TASK GOAL: What's needed: every entry, printed exactly, minus the images.

Items listed in a dataset
--*--
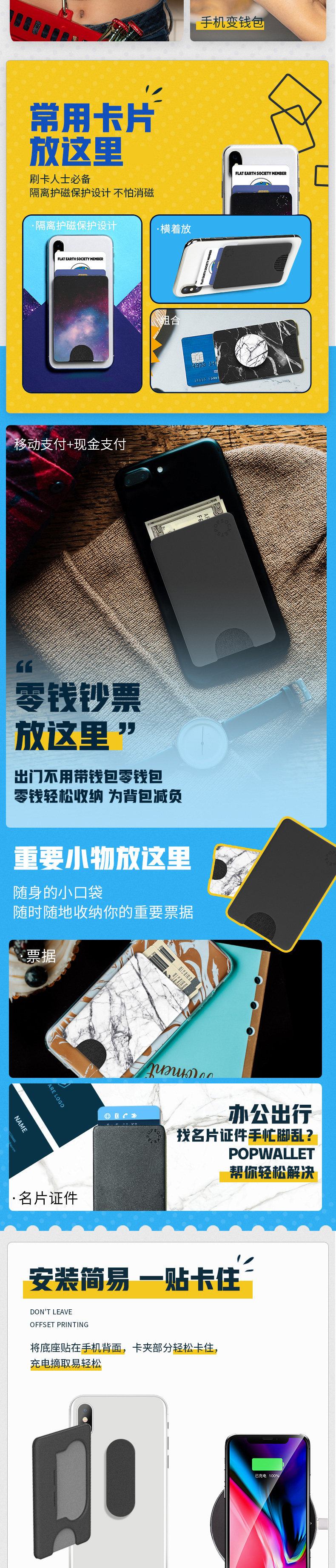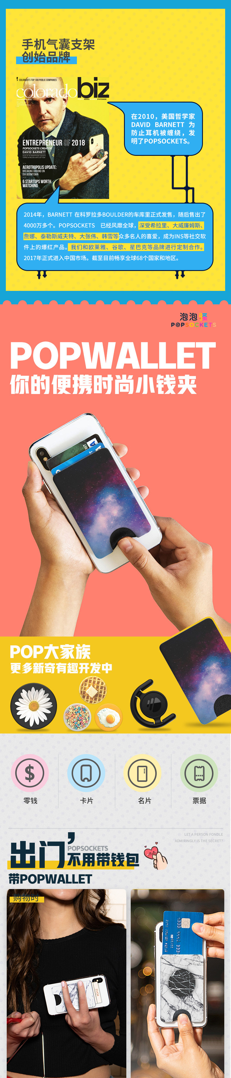 PopSockets Мобильный телефон, мультяшный кошелек, универсальный ультратонкий картхолдер для визитных карточек
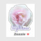 A close-up photo of a beautiful light pink rose with a template for first name.
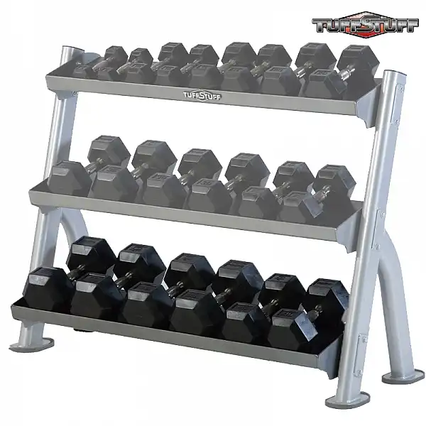 Стойка под гантели Tuff Stuff CDR-300E – это дополнительное пространство, на котором Вы можете хранить еще больше гантелей. С третьей полкой Вы сможете уместить весь набор гантелей!
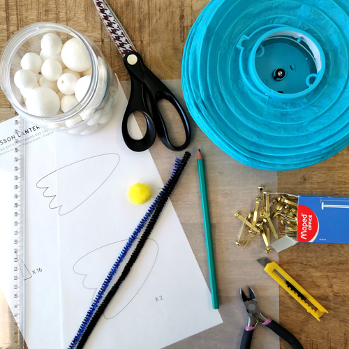 Enroule ta chenille autour de la tige centrale de ta lanterne, et accroches-y ton pompon !
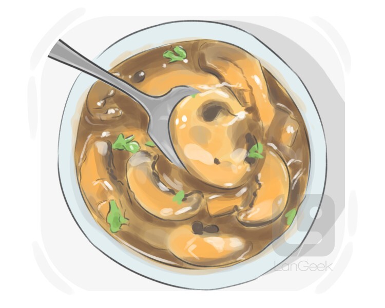 a flavorful liquid made by simmering meat, fish, or vegetables in water
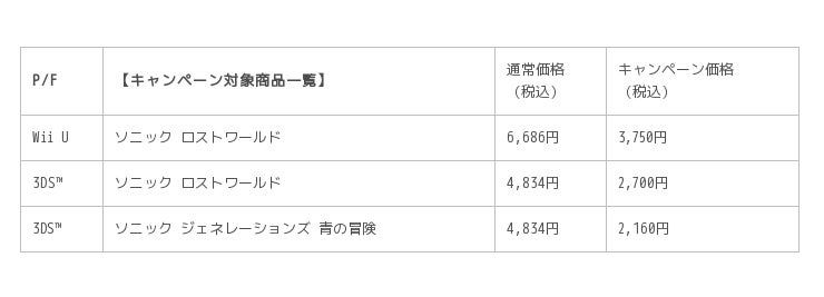 キャンペーン期間中は、Wii U™ / ニンテンドー3DS™用ソフト『ソニック ロストワールド』と、ニンテンドー3DS用ソフト『ソニック ジェネレーションズ 青の冒険』をお買い得価格でご購入いただけます。『ソニック ロストワールド』は、今回が初の値引きキャンペーン参入となります。「ソニックスプリングセール」は、15日間限定のキャンペーンです。ぜひこの機会にお買い求めください。
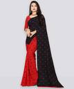 Black,Red Polka Print Georgette saree With Unstitched Blouse (Saree, 5.25 Mtr Blouse, 0.80 Mtr)
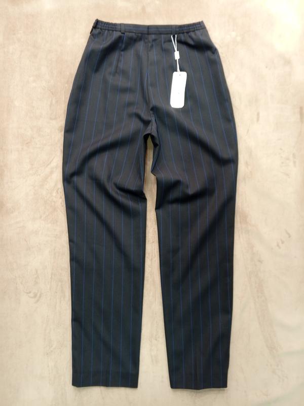 Size : 38 - в поясе 35*2 - посадка 34/36 - бедра до 50*2 - длина изделия 106 ( 78 шаговый ) - Замочек сбоку + пуговица + вставки тугой резинки в поясе + лента с фиксатором к телу . подклад по задней части изделия Состояние нового изделия Отличная костюмная плотная ткань Цвет : воронье крыло + ярко синяя полоска Состав : 70% шерсть + 30% полиэстер ( подклад 70% вискоза + 30% полиэстер )
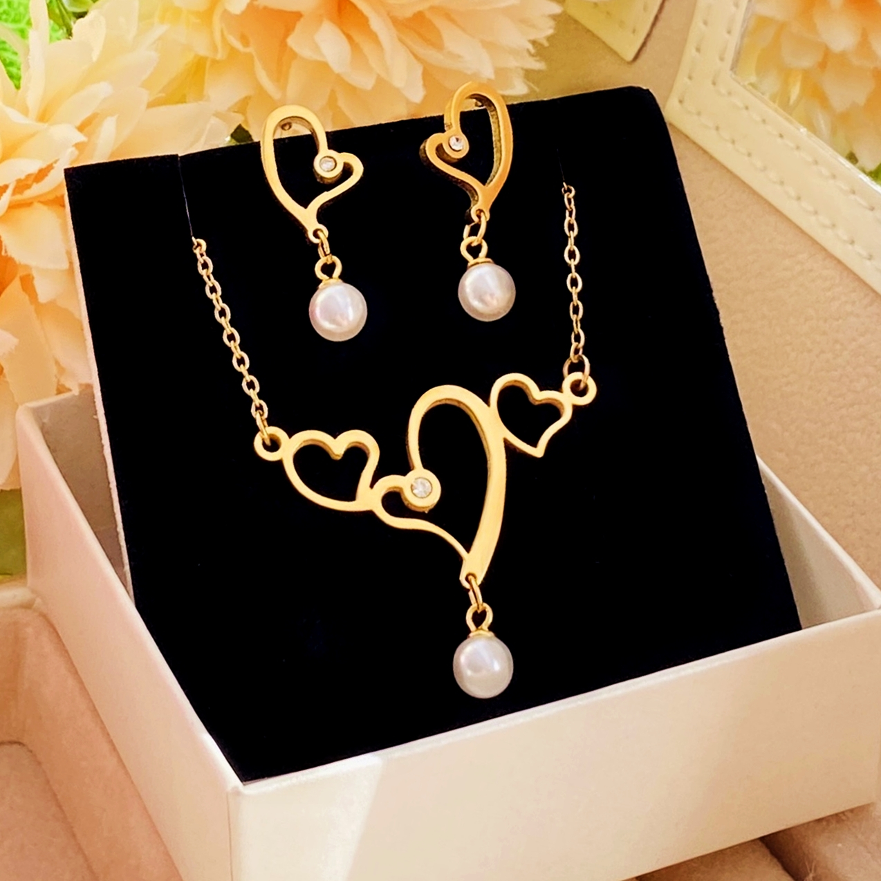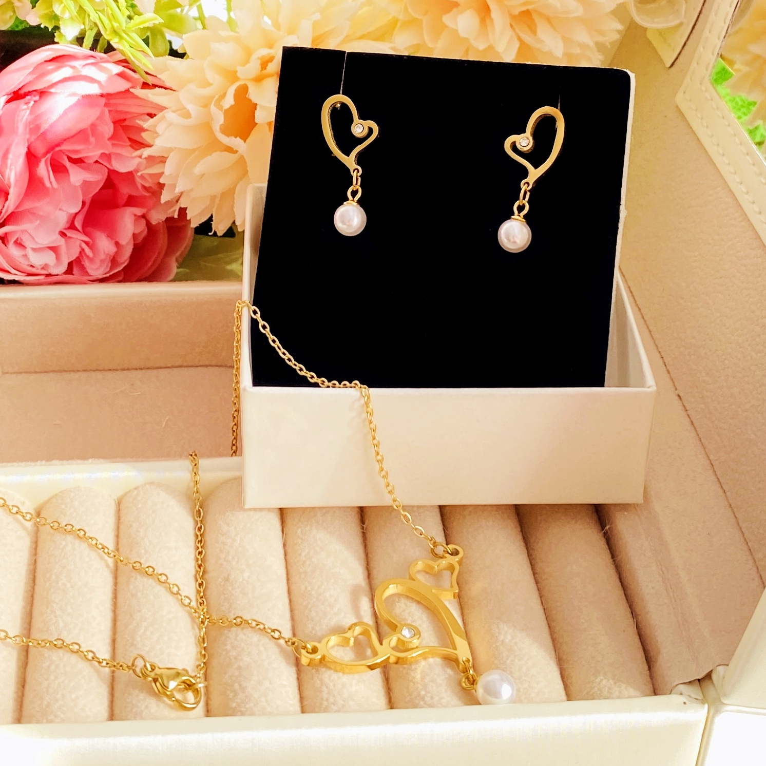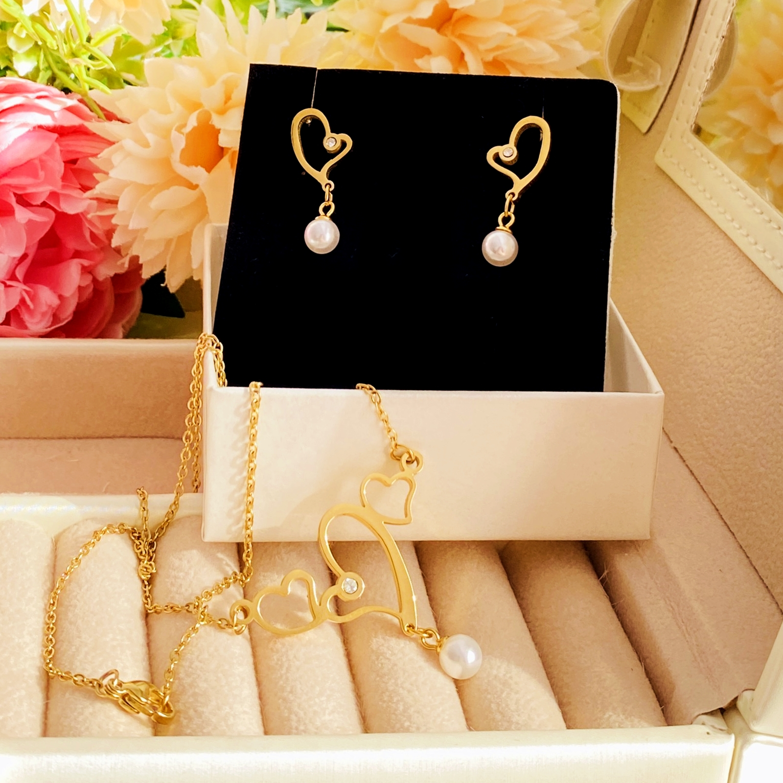 Set Colier & Cercei Inimi & Perle - Otel Inoxidabil
--*--
OUTPUT OF THE EXERCISE:
 PopSockets Мобильный телефон, мультяшный кошелек, универсальный ультратонкий картхолдер для визитных карточек
 A close-up photo of a beautiful light pink rose with a template for first name.
 Стойка под гантели Tuff Stuff CDR-300E – это дополнительное пространство, на котором Вы можете хранить еще больше гантелей. С третьей полкой Вы сможете уместить весь набор гантелей!
 Enroule ta chenille autour de la tige centrale de ta lanterne, et accroches-y ton pompon !
 a flavorful liquid made by simmering meat, fish, or vegetables in water
 キャンペーン期間中は、Wii U™ / ニンテンドー3DS™用ソフト『ソニック ロストワールド』と、ニンテンドー3DS用ソフト『ソニック ジェネレーションズ 青の冒険』をお買い得価格でご購入いただけます。『ソニック ロストワールド』は、今回が初の値引きキャンペーン参入となります。「ソニックスプリングセール」は、15日間限定のキャンペーンです。ぜひこの機会にお買い求めください。
 Black,Red Polka Print Georgette saree With Unstitched Blouse (Saree, 5.25 Mtr Blouse, 0.80 Mtr)
 Size : 38 - в поясе 35*2 - посадка 34/36 - бедра до 50*2 - длина изделия 106 ( 78 шаговый ) - Замочек сбоку + пуговица + вставки тугой резинки в поясе + лента с фиксатором к телу . подклад по задней части изделия Состояние нового изделия Отличная костюмная плотная ткань Цвет : воронье крыло + ярко синяя полоска Состав : 70% шерсть + 30% полиэстер ( подклад 70% вискоза + 30% полиэстер )
 Set Colier & Cercei Inimi & Perle - Otel Inoxidabil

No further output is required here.